U.S.-led Afghan reconstruction projects to end because of security dispute
Friday, October 22, 2010; 10:59 PM
KABUL - U.S.-funded development firms are beginning to shut down massive reconstruction projects because the Afghan government has refused to rescind a ban on their use of private security guards, according to U.S. officials and aid workers here.
The decision to start shuttering the projects, collectively worth hundreds of millions of dollars, could have far-reaching effects on the U.S.-led military campaign against the Taliban, disrupting a central component of the strategy to counter the insurgency at a critical moment in the war. Programs to assist Afghan farmers and improve local government, which are vital to the overall U.S. effort to stabilize the volatile southern and eastern parts of the country, are among those that will be affected, the officials said.
The consequences of the ban on development firms employing private guards "will be catastrophic," said one U.S. official involved in the issue. "If these projects grind to a halt, we might as well go home. They are essential to the counterinsurgency strategy."
Another U.S. official said the ban would affect about $1.5 billion in ongoing reconstruction work.
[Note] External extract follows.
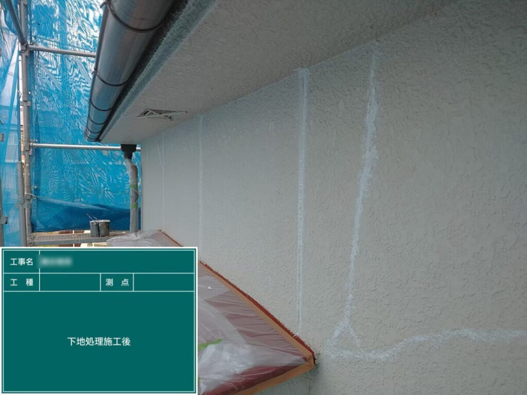 外壁にひび割れしている(クラック)箇所があったため、きちんとクラック処理を行いました。

More than 20,000 Afghans will lose jobs in road-building and energy projects alone, the official said.
The prohibition, which was enacted by President Hamid Karzai, has emerged as the latest flashpoint in the oft-strained U.S.-Afghan relationship, raising new questions about his willingness to cooperate with the international community and potentially complicating crucial year-end assessments of the war effort by the White House and NATO.
The ban, which goes into effect Dec. 17, affects all development firms and non-governmental organizations, including those funded by other countries and the United Nations. It also applies to private contractors who guard supply convoys for the military bearing food, fuel and other essential supplies, as well as to international banks and other private entities whose services support reconstruction work.
Diplomats and representatives of the companies contend that private security guards are essential to operations in much of the country because of the threat of insurgent attacks and criminal activity. But Afghan officials argue that private security contractors operate with little oversight or accountability and sometimes function as private militias that are beyond the control of the country's police force and army.
Most of the private security companies employed by development firms rely on Afghan guards who are supervised by foreigners. Some of the firms are Afghan-owned, while others are international firms that operate in multiple countries.
The Afghan government wants development workers and their projects to be guarded by police officers and soldiers, a goal that diplomats and aid workers say is unrealistic because the local government security forces are corrupt, ill-trained and not numerous enough to do the job. The development firms have also said they would be unable to insure their employees - a key prerequisite for operations in a war zone - if they are unable to employ private guards.
"If we don't have private security, we cannot operate in Afghanistan," said one development executive, who, like others, spoke on the condition of anonymity because of the sensitivity of the issue. "It's not open to negotiation."
U.S. and NATO diplomats have been working furiously to soften the prohibition since it was authorized over the summer. Under pressure from Gen. David H. Petraeus, the top U.S. and NATO commander here, Karzai's national security council issued an exemption Sunday for military bases, embassies, diplomatic residences and diplomatic convoys.
Diplomats and aid workers initially assumed that the failure to mention development organizations was an oversight that would be corrected. But Karzai on Wednesday said the ban would not be amended. "These companies are closed - that is it," he said, referring to security firms not working for diplomats or the military.